В какой ад вы меня загнали! Я видела, как вы разрываете себя на куски и предлагаете их принцам, морякам и феям разных национальностей... Я хочу вернуться... У меня истерика с тех пор, как я уехала, и я со всеми ссорилась.

Письмо было написано от руки изысканной каллиграфией Синмая красными чернилами - цвет, традиционно используемый в китайских некрологах. Своей мелодраматической манерой он давал понять, что она приблизила его к смерти.
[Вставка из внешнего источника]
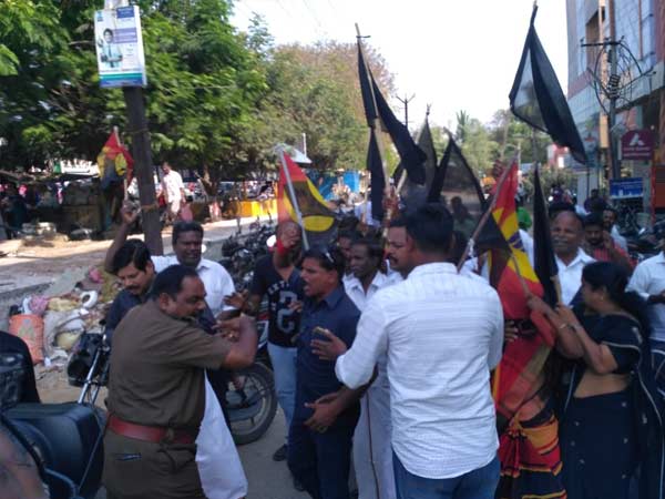 கையில் கருப்புக் கொடிகள் மற்றும் தங்கள் கட்சி கொடிகளுடன் அவர்கள் வந்திருந்தனர். ஆண்களும் பெண்களும் திரளாக இதில் பங்கேற்றனர். ஆனால், போராட்டத்தை நடத்துவதற்கு போலீசார் அனுமதி தர மறுப்பு தெரிவித்து அவர்களை அங்கிருந்து அப்புறப்படுத்தினர். இதனால் கோபமடைந்த தேமுதிக தொண்டர்கள், காட்பாடி- சித்தூர் சாலையில் அமர்ந்து சாலை மறியல் போராட்டத்தில் ஈடுபட்டனர். இதனால் போக்குவரத்து பாதிப்பு ஏற்பட்டது.

Он даже признался в своей беде Бернардине в машинописном письме. "Закончилась моя публичная жизнь, жизнь моего самолюбования. Я восстал из смерти и нашел М.". - В интерполяции, написанной почерком Бернардины, есть слова "Микки Хан" - "Я хотел, чтобы весь мир принадлежал мне, но теперь я хочу ее. Конечно, это звучит эгоистично, но я ознакомил ее со своим положением, и она не боится смотреть правде в глаза. Худшее может случиться, но мы надеемся на лучшее".

Разумеется, она помирилась с Синмэем. Когда в 1937 году Пэйю забеременела шестым ребенком, Синмай сказал Микки, что она вольна заводить любовников - лишь бы он продолжал любить ее больше всех. Однако на самом деле ей надоело быть его наложницей. Весну и лето она провела, перебирая в памяти их отношения. К июлю она написала роман объемом 150 000 слов, который заканчивался тем, что главная героиня бросала своего любовника, китайского поэта, ради британского флотоводца по имени Кеннет. Когда сэр Виктор прочитал роман, он предложил ей назвать его "Водоворот "*. "Полагаю, - писала она Хелен после того, как закончила первый вариант, - я накопила много уверенности в себе, сама того не подозревая, пока все это время ждала Синмэя, и теперь я снова сама по себе, и заклятый холостяк... Я люблю этого маленького ублюдка, но это все равно что играть в шарики со зыбучей серебром, честное слово".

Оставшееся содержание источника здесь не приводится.